## Diagram: Comparison of Standard RLVR vs. MEL (Ours) Reinforcement Learning Architectures
### Overview
The image compares two reinforcement learning (RL) architectures:
- **(a) Standard RLVR**: A linear decision tree with reward-based feedback (Reward=1/0) and trajectory-level optimization.
- **(b) MEL (Ours)**: A modified architecture with bifurcation points, meta-experience integration, and knowledge-level optimization.
### Components/Axes
1. **Nodes**:
- **Green circles**: Represent states/actions with Reward=1.
- **Red circles**: Represent states/actions with Reward=0.
- **Dashed box**: Highlights a bifurcation point in MEL.
2. **Arrows**:
- **Solid arrows**: Indicate encouragement of trajectory-level optimization (green).
- **Dashed arrows**: Indicate suppression of trajectory-level optimization (red).
- **Dotted arrow**: Connects MEL to "Meta-Experience" (yellow cloud).
3. **Icons**:
- **Robot (a)**: Frowning face with X marks (failure state).
- **Robot (b)**: Smiling face with a lightbulb (success/insight state).
4. **Text Labels**:
- **Standard RLVR (a)**:
- "Encourage Trajectory-Level optimization" (green arrow).
- "Suppress Trajectory-Level optimization" (red arrow).
- **MEL (b)**:
- "Encourage Trajectory-Level optimization" (green arrow).
- "Suppress Trajectory-Level optimization" (red arrow).
- "Meta-Experience (bifurcation point, critique, heuristic)" (yellow cloud).
- "Knowledge-level optimization" (arrow from cloud to robot).
### Detailed Analysis
- **Standard RLVR (a)**:
- Linear flow: Question (Q) → State/Action → Reward feedback (1/0).
- Direct encouragement/suppression of trajectory-level optimization based on rewards.
- Robot icon reflects failure (X marks, sad face).
- **MEL (b)**:
- Bifurcation point introduces meta-experience (critique, heuristic).
- Dotted arrow links meta-experience to knowledge-level optimization.

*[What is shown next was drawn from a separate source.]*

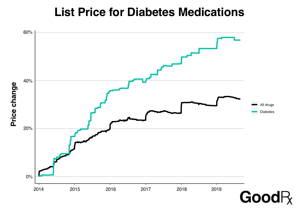 Prices for diabetes medications are also on the rise. Since 2014, the average list price for diabetes medications has increased by 58%.

- Robot icon reflects success (smile, lightbulb).
### Key Observations
1. **Bifurcation in MEL**: The dashed box in (b) introduces a decision point absent in (a), enabling adaptive feedback.
2. **Meta-Experience**: Explicitly modeled in MEL, integrating critique and heuristic reasoning for optimization.
3. **Reward Handling**: Both architectures use Reward=1/0, but MEL adds meta-experience to refine optimization.
4. **Robot Symbolism**: Visual contrast between failure (a) and success (b) emphasizes MEL’s improved outcomes.
### Interpretation
The diagram illustrates how MEL enhances Standard RLVR by:
1. **Incorporating Meta-Experience**: The yellow cloud represents higher-level reasoning (bifurcation, critique, heuristic), enabling the system to learn from past experiences rather than relying solely on immediate rewards.
2. **Knowledge-Level Optimization**: The dotted arrow suggests that meta-experience informs broader, systemic improvements beyond trajectory-specific adjustments.
3. **Adaptive Suppression**: The dashed red arrow in (b) implies dynamic suppression of suboptimal trajectories, guided by meta-experience.
This architecture addresses the limitations of Standard RLVR by introducing hierarchical learning, where meta-experience acts as a feedback loop to refine both trajectory and knowledge-level decisions. The robot icons symbolize the practical outcomes: MEL achieves success through integrated reasoning, while Standard RLVR remains constrained by linear, reward-driven optimization.